**Exercise details**
Every line of the data below is to be given again as it appears, with the images removed.

**Recorded data**
=======
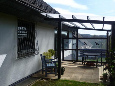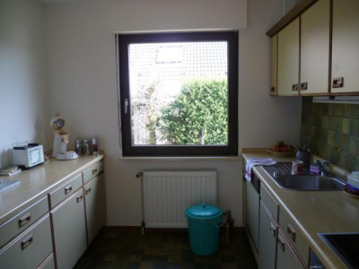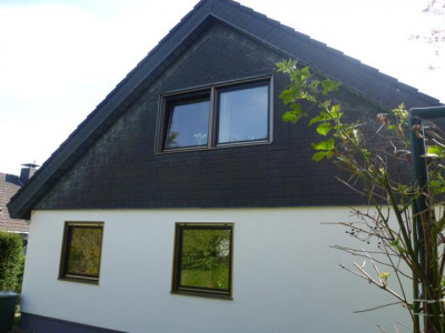 Dieses freistehende Einfamilienhaus, voll unterkellert mit integrierter Garage und schön angelegtem Garten, wurde 1981 als Fertighaus der Firma Schwörer errichtet.Das Haus wurde kürzlich renoviert und ist in einem gepflegten Zustand.Die Wohnfläche im EG beträgt ca. 89 m² und ist wie folgt aufgeteilt:Wohn-/Essbereich mit Ausgang zur überdachten Terrasse, Küche, Flur, Schlafzimmer und Arbeitszimmer.Im ausgebauten Dachgeschoss, ca. 47 m², befinden sich ein großzügiger Wohnraum, ein Schlafzimmer sowie ein Duschbad.Der Keller verfügt außer der Garage über einen Hobbyraum, einen Vorratsraum sowie einen Heizungs-/Waschraum.
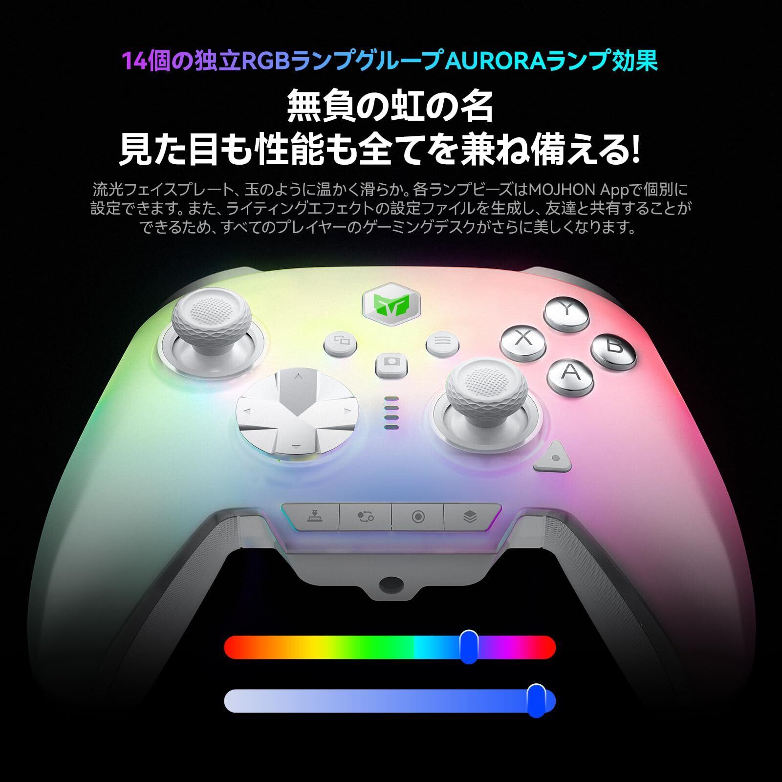 BIGBIG WON Rainbow 3 ワイヤレスコントローラー 静電容量式ジョイスティック 2000Hzポーリングレート 有線/無線接続 16個の微動機械ボタン 14個のカスタムRGBライト 6軸ジャイロセンサー 切り替え可能なホール効果/微動トリガー 3.5mmオーディオ PC/Switch2/iOS/Androidに対応 ゲームパッド
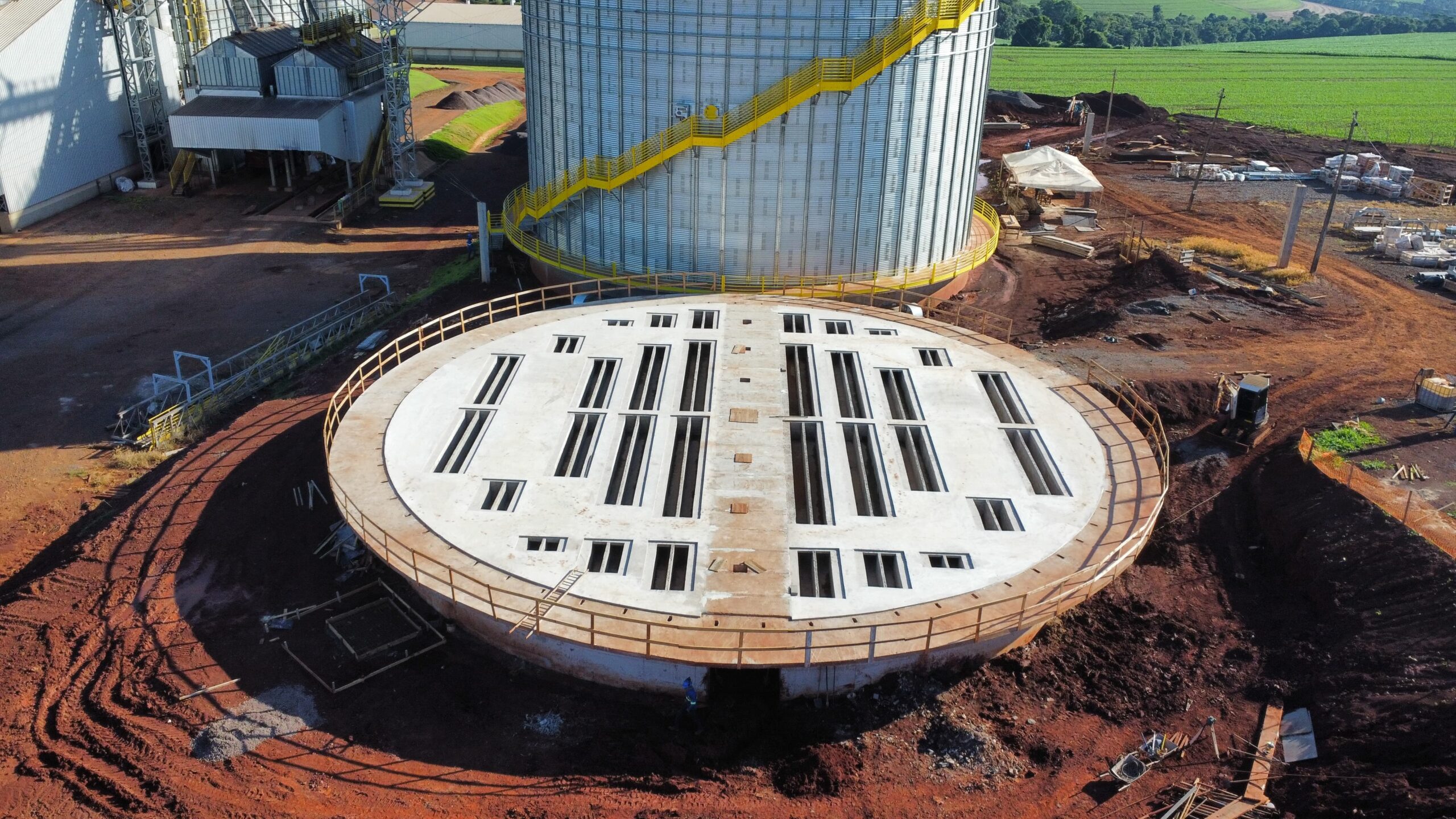Sobre a obra: Cliente: COPACOL Cooperativa Agroindustrial Consolata Área: 1.491,76 m² Localização: PR 180 - Km 308 s/nº - Comunidade Melissa - Cascavel/PR Descrição: Ampliação da Unidade Melissa, construída pelo Grupo Conceito Brasil. Nesta etapa serão executadas mais duas bases para silos, aumentando a capacidade de armazenamento da unidade.
=======
**Response**
 Dieses freistehende Einfamilienhaus, voll unterkellert mit integrierter Garage und schön angelegtem Garten, wurde 1981 als Fertighaus der Firma Schwörer errichtet.Das Haus wurde kürzlich renoviert und ist in einem gepflegten Zustand.Die Wohnfläche im EG beträgt ca. 89 m² und ist wie folgt aufgeteilt:Wohn-/Essbereich mit Ausgang zur überdachten Terrasse, Küche, Flur, Schlafzimmer und Arbeitszimmer.Im ausgebauten Dachgeschoss, ca. 47 m², befinden sich ein großzügiger Wohnraum, ein Schlafzimmer sowie ein Duschbad.Der Keller verfügt außer der Garage über einen Hobbyraum, einen Vorratsraum sowie einen Heizungs-/Waschraum.
 BIGBIG WON Rainbow 3 ワイヤレスコントローラー 静電容量式ジョイスティック 2000Hzポーリングレート 有線/無線接続 16個の微動機械ボタン 14個のカスタムRGBライト 6軸ジャイロセンサー 切り替え可能なホール効果/微動トリガー 3.5mmオーディオ PC/Switch2/iOS/Androidに対応 ゲームパッド
Sobre a obra: Cliente: COPACOL Cooperativa Agroindustrial Consolata Área: 1.491,76 m² Localização: PR 180 - Km 308 s/nº - Comunidade Melissa - Cascavel/PR Descrição: Ampliação da Unidade Melissa, construída pelo Grupo Conceito Brasil. Nesta etapa serão executadas mais duas bases para silos, aumentando a capacidade de armazenamento da unidade.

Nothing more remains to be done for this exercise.